Гранж всегда поражался тому всезнающему виду, с каким перемигивались солдаты, когда речь заходила об английской политике. Для них она была хитроумнейшим ударом исподтишка, образцовой загадкой скрытого надувательства.
— Узнаем из газет, — подвел черту Гуркюф, который, пребывая в сомнении, с утра пораньше откупорил бутылку красного вина.

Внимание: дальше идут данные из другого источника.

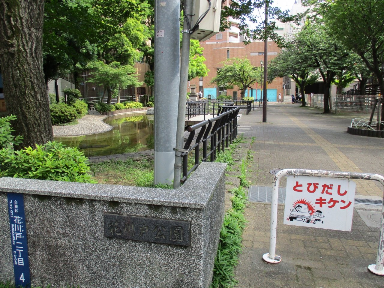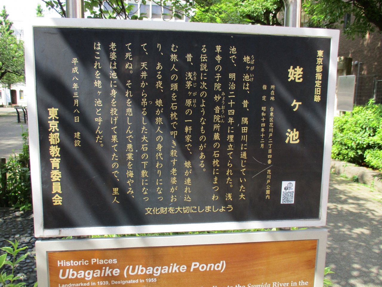 浅草の花川戸近辺を散歩していて、花川戸公園の中に石碑が立てられていました。昔は近くの隅田川に通じている池があった跡の石碑でした。恐ろしい話が池の名前の由来になっているそうですが、今は池もなく平和な公園になっていました。
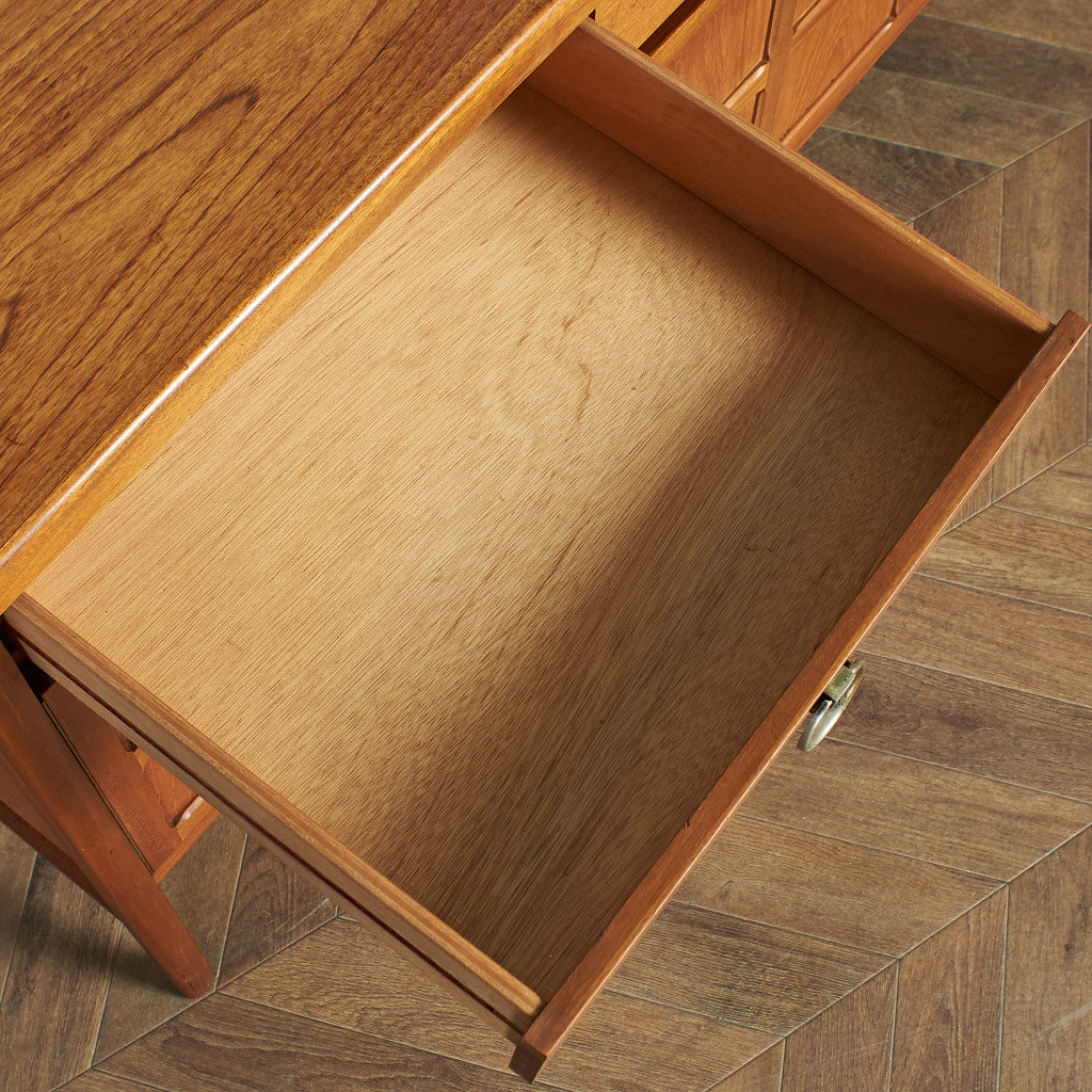 ネイサン社の創業は1916年、イギリス・ロンドンでロシア出身のバーネット・ネイサンが手作りの家具を製造したことに遡ります。1954年ニュー ヨークで開かれた家具展覧会においてイギリスを代表するデザインとして選ばれて一躍有名になり、チーク材の家具を本格的に生産。G-planシリーズで有名なエベネゼル・グーム社と並び、イギリスミッドセンチュリーを代表する家具メーカーへと発展しました。とくに「クラシックレンジ」シリーズは、時代を超越したデザインで優れた快適性と職人技が見事に融合。クラシックと北欧スタイルの折衷的な独自のデザインスタイルを生み出し、ジャコビアンドアスタイリングと美しいチーク材の組み合わせの自然な輝きがロンドンの都市生活者を虜にしました。
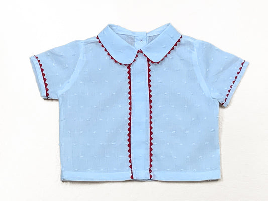 Boys-Sky Blue Shirt- Beige Bubble Shorts Set
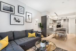 Enjoy a stylish experience at this centrally located apartment, situated in Vancouver's beautiful Olympic Village area. This home is in proximity to significant interest points around the city, including Downtown Vancouver and the seawall. The apartment itself is designed with a clean-cut furnishing composition and tasteful color blocking, granting a refreshing feel. The patio offers excellent views of Vancouver and its surrounding areas.

Вскоре, однако, стало ясно, что день так сразу не войдет в свою колею. Вновь на горизонте стал нарастать гул, в этот раз не такой сильный, ощутимо сдвинутый к северу, и вдруг довольно плавно скользивший в посветлевшем небе над самым лесом шлейф черных точек начал делать кульбиты: два, три, четыре мощных взрыва потрясли утро, и из чрева взбудораженной земли со стороны отдаленных позиций танкистов грянул яростный, захлебывающийся треск пулеметов. И на сей раз в кают-компании наступила тишина. Прядь серого дыма, жалкая, чуть ли не разочаровывающая после такого грохота, извивалась и медленно рассеивалась далеко над лесом. Они долго смотрели на нее, не говоря ни слова.
— Нужно одеться, — бесстрастно заключил наконец Гуркюф.
Зазвонил телефон.
— Это вы, Гранж?
Голос был низкий, глуховатый, не столь ироничный, как мог бы того ожидать Гранж. Он раздавался на фоне непривычного шума: в то утро в канцелярии капитана стоял настоящий переполох.
— Передаю вам приказ о боеготовности номер один… — Голос Варена выделил эти слова со смакующим юмором. — …Письменное подтверждение скоро получите. — Голос стал фамильярнее и насмешливее: должно быть, капитан отделался от какого-то официального посетителя. — Заметьте себе хорошенько — один, а не два, потому как у нас должен быть порядок. А мы всегда опаздываем. Но разумеется, это всего лишь задаток. У вас есть радио?